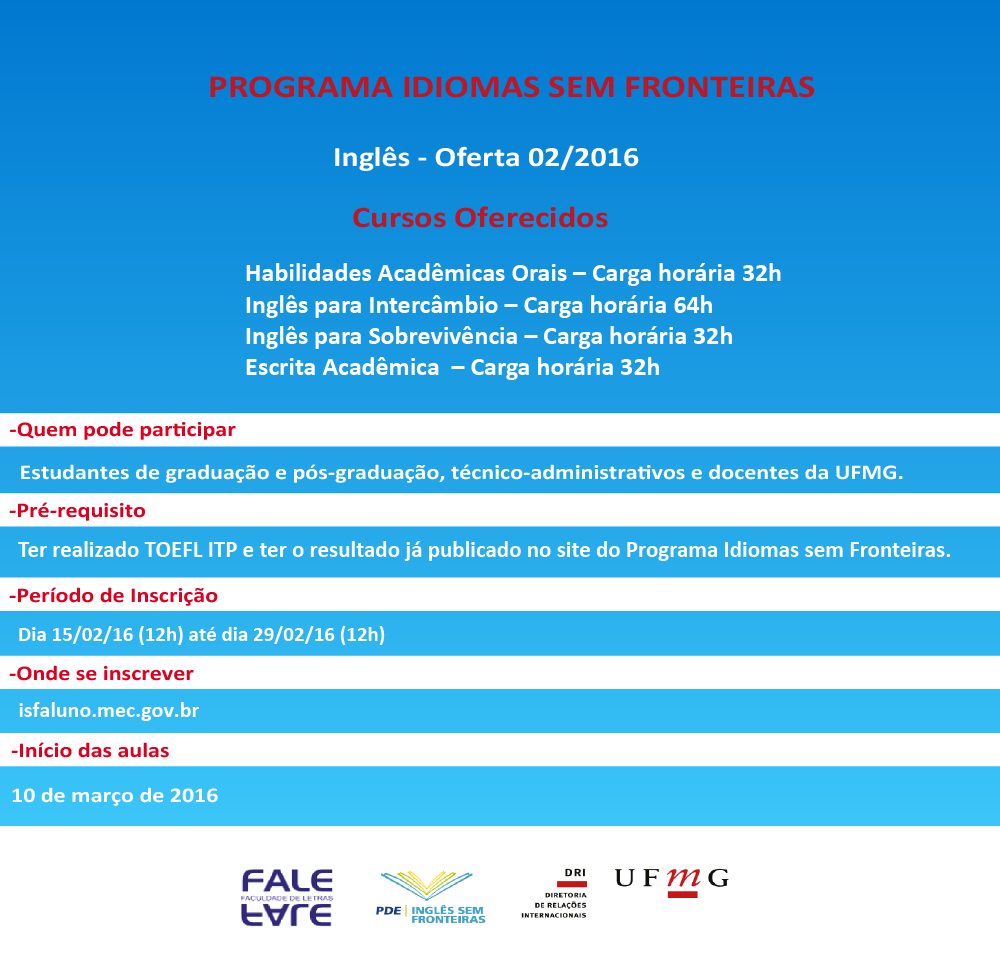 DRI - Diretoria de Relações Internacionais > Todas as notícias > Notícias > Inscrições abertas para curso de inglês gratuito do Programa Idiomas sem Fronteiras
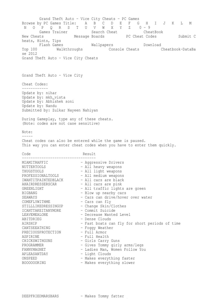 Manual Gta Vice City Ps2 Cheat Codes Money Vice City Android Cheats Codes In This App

+--

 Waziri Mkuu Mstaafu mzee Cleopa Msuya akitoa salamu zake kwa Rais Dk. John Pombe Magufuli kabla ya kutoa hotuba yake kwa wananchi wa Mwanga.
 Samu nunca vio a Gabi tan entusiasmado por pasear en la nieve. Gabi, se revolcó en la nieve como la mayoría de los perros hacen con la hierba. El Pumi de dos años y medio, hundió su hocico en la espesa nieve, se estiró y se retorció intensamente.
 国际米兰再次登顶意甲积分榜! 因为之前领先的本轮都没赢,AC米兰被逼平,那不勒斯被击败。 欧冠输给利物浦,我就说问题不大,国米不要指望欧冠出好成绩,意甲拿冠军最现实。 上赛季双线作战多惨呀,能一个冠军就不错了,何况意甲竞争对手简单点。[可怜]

+--

(What is expected)
From the records above, copy exactly the lines starting at the one with "DRI - Diretoria" and ending at the one with "Manual Gta Vice", and no others. Pictures stay out.

(Answer to the exercise)
 DRI - Diretoria de Relações Internacionais > Todas as notícias > Notícias > Inscrições abertas para curso de inglês gratuito do Programa Idiomas sem Fronteiras
 Manual Gta Vice City Ps2 Cheat Codes Money Vice City Android Cheats Codes In This App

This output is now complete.